Insulin secretion was examined using transduced and control rat/human islets. Islets were plated in cell culture inserts into 24-well plates at a density of 20 IEq/inserted in Hank’s balanced salt solution [HBSS; 114 mM NaCl, 4.7 mM KCl, 1.2 mM KH2PO4, 1.16 mM MgSO4, 20 mM HEPES, 2.5 mM CaCl2, 25.5 mM NaHCO3, and 0.2% bovine serum albumin (essential fatty acid-free), pH 7.2]. Islets were washed three times with 1 ml of HBSS (2.2 mM glucose). Insulin secretion was stimulated using static incubation in 1 ml of HBSS (2.2 mM glucose) for 30 min followed by 30 min in HBSS (22 mM glucose). Secreted insulin from rat islets was measured by ultrasensitive insulin ELISA (Alpco Diagnostics). Secreted insulin from human islets was measured by RIA (Millipore).
Statistics.
Statistical analyses were performed using Student’s t-test when two conditions were compared and using ANOVA when more than two conditions were compared. Data were expressed as means ± SD. P values < 0.05 were considered significant.
RESULTS
Cyclin C expression is associated with β-cell proliferation.
To test whether cyclin C levels were different between β-cells with high proliferation and β-cells in a quiescent state, we measured cyclin C levels by western-blot in islets of 12-wk-old control (db/+) and hyperinsulinemic db/db mice (Fig. 1, A and B) and 4-mo-old Akt mice (AktTg) (Fig. 1, C and D). Young C57BLKS/J db/db mice have shown an almost twofold increase in β-cell proliferation in respect to wild-type β-cells (9, 18). We have found that cyclin C levels were 50% higher in db/db compared with control islet cells (Fig. 1B). On the other hand, AktTg β-cells have shown a twofold increase in proliferation in respect to wild-type β-cells (2). We have found that cyclin C levels were twofold higher in AktTg compared with wild-type islet cells (Fig. 1, C and D).

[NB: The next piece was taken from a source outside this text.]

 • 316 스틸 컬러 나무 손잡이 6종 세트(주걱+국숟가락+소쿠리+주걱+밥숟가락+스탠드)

Fig. 1.Cyclin C expression associates with β-cell proliferation: A: representative Western blot illustrating cyclin C expression in islets of control (db/+) and db/db mice. B: densitometric analysis of western-blots (n = 4) showing the ratio of cyclin C/actin. C: representative western-blot illustrating cyclin C expression in islets of wild-type (WT) and AktTg (Δ4) mice. D: densitometric analysis of western-blots (n = 4) showing the ratio of cyclin C/tubulin. E: representative western-blot illustrating cyclin C expression in INS-1 cells starved of serum and glucose overnight and refed for 30 min to 6 h. F: densitometric analysis of Western blots (n = 4) showing the ratio of cyclin C/actin. G: representative cyclin C Western blot of primary rat islets after cytokine’s mixed treatment (IL-1β, IFNγ and TNFα) for 24 and 48 h, with actin as an internal control. H: densitometric analysis of Western blots (n = 7) showing the ratio of cyclin C/actin at 24 h (gray bar) and 48 h (filled bars) after cytokine treatment. *P < 0.05.

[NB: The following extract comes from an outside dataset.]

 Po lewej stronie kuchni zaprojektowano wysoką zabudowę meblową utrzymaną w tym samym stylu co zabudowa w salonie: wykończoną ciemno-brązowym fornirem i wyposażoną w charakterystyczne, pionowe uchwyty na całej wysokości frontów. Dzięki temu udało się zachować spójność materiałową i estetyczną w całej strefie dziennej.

More interestingly, after inducing INS-1 cells to entry in quiescence by overnight deprivation of serum and glucose, cyclin C levels declined. This was reversed after reexposure to FBS and glucose (10% and 11 mM, respectively), with cyclin C being significantly upregulated after 6 h (Fig. 1, E and F).
To test whether cyclin C levels were reduced in conditions of suppression of β-cell proliferation, we tested the antiproliferative effect of proinflammatory cytokines (CK) in cultured β-cells (3). To test whether this effect correlated with a reduction on cyclin C expression, we measured cyclin C levels by Western blot in pancreatic β-cells cultured for 24 and 48 h in the presence or absence of CK (Fig. 1, G and H). We found that cyclin C levels decreased after 24 h, being significantly different at 48 h of CK treatment (Fig. 1H).
Taken together, these experiments suggest an association between cyclin C expression and β-cell proliferation rate, which is upregulated in the setting of higher proliferation and downregulated when proliferation declines.
Cyclin C induces β-cell proliferation.
To test whether increasing cyclin C might enhance β-cell proliferation, we overexpressed cyclin C in rat islets, using an adenoviral vector (Ad.cyclin C) containing human cyclin C cDNA. Ad.cyclin C-transduced rat islets displayed increased cyclin C expression relative to untransduced or Ad.GFP-transduced islets as demonstrated by Western blot using anti-cyclin C antibody, and its expression was dose dependent in respect to the moi (Fig. 2A).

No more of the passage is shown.